とはいえ、現在の裁判制度のもとで下される判決の中には、首を傾げたくなるようなものも多い。1997年に神戸でおきたいわゆる「神戸児童連続殺傷事件」に対する判決もその一つであった。この事件の犯罪者が14歳の少年であったということもあって、この特異な事件は世間の耳目を集めることにもなった。この事件を契機として、ますます凶悪化する少年犯罪にの傾向に対して、少年法の改正にも取り組まれることになった。事件に対しても判決が下されたが、少年は少年院ではなく、医療少年院に送致され、保護処分になることが明らかになった。そのときに、私は何かこの判決に不本意なものを感じたのだが、はっきりしないままに中途に放棄したままだった。

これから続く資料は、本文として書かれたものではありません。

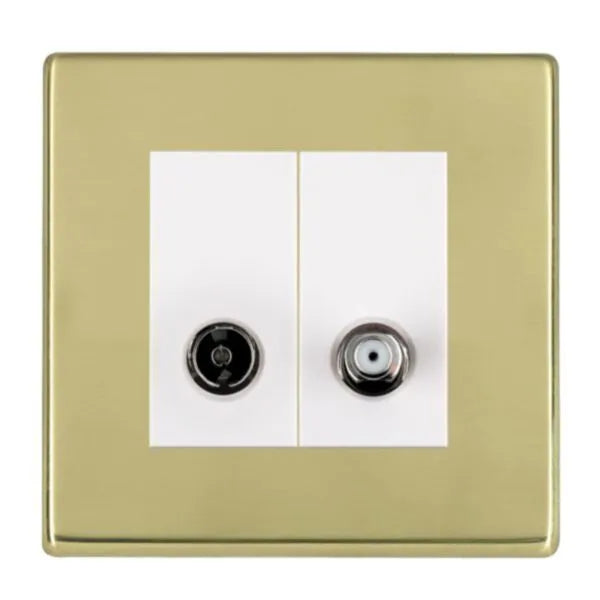 Hamilton 7G21TVSATW Hartland G2 Polished Brass 2 Gang Non-Isolated 2in/2out Coaxial TV and Satellite Outlet - White Insert

私が感じたそのときの違和感とは、要するにこの判決によっては正義が回復されないのではないかということから来るものである。この判決では、少年は犯罪者ではなく病人として、少なくとも一種の精神的な異常者として取り扱われることになる。しかし、これでは、犯罪と精神病理との区別を解消してしまうことになる。確かに、犯罪は一種の「精神的な病」といえるかも知れないが、しかし、少なくとも犯罪は肉体的な病理現象とは区別されなければならない。実際にこの判決で検討された協同鑑定書においても、少年が「普通の知能を有し、意識も清明で精神病であることを示唆する所見のないこと」を認めて裁判官もそれに同意している。

 

 もともと、犯罪とは精神的な機能においてはまったく「正常」な状態で実行されるものである。そうでなければそれは、もはや犯罪とは言えず、「病気」にすぎない。私には現在の裁判官がどのような人間観、刑法理論に基づいて判決を下す傾向があるのかよくわからない。しかし、裁判というのは、失われた正義を回復することが、根本的な使命である。欧米の裁判所の梁を飾っている、目隠しされた正義の女神の像が手に天秤を握っているのはこのことを象徴している。裁判官が医療者や精神的カウンセラーになってしまっては、裁判は裁判の意義を保てない。

 

 裁判官の中垣康弘判事も、被害女児の両親の「少年を見捨てることなく少年に本件の責任を十分に自覚させてください」ということばを引用し、そして、「いつの日か少年が更生し、被害者と被害者の遺族に心からわびる日の来ることを祈っている」といいながら判決文を結んでいる。ただ、私がこの井垣判決で感じた疑問点は、そこには少年の更正のための配慮はあっても、失われた正義を回復するという、裁判官の ──それは国家の意思でもある──確固とした意思のないことである。犯罪とは国家の法(正義)を侵害することである。そして、犯罪者による正義への、法へのこの不当な侵害については、犯罪者が正当に処罰されることによって、犯罪者に刑罰が課せられることによって、法と正義が回復されるのである。また、犯罪者自身も正しく処罰されることによって人格として尊重されることになる。なぜなら人間の尊厳は意思の自由の中にあるのであり、犯罪者といえども善悪を知る存在であり、かつ、明確に悪を選択し、正義を侵害する選択をしたからである。

 

 神戸児童連続殺傷事件の判決では、女神の天秤は著しく傾いたままで、失われた正義の均衡は回復していないようにも思える。社会と国家の正義は破損されたままである。そして、再び、神戸の犯罪少年の崇拝者が最近になって同じ犯罪を犯した。裁判官は今回の十七歳の少年をどのように処断するのだろうか。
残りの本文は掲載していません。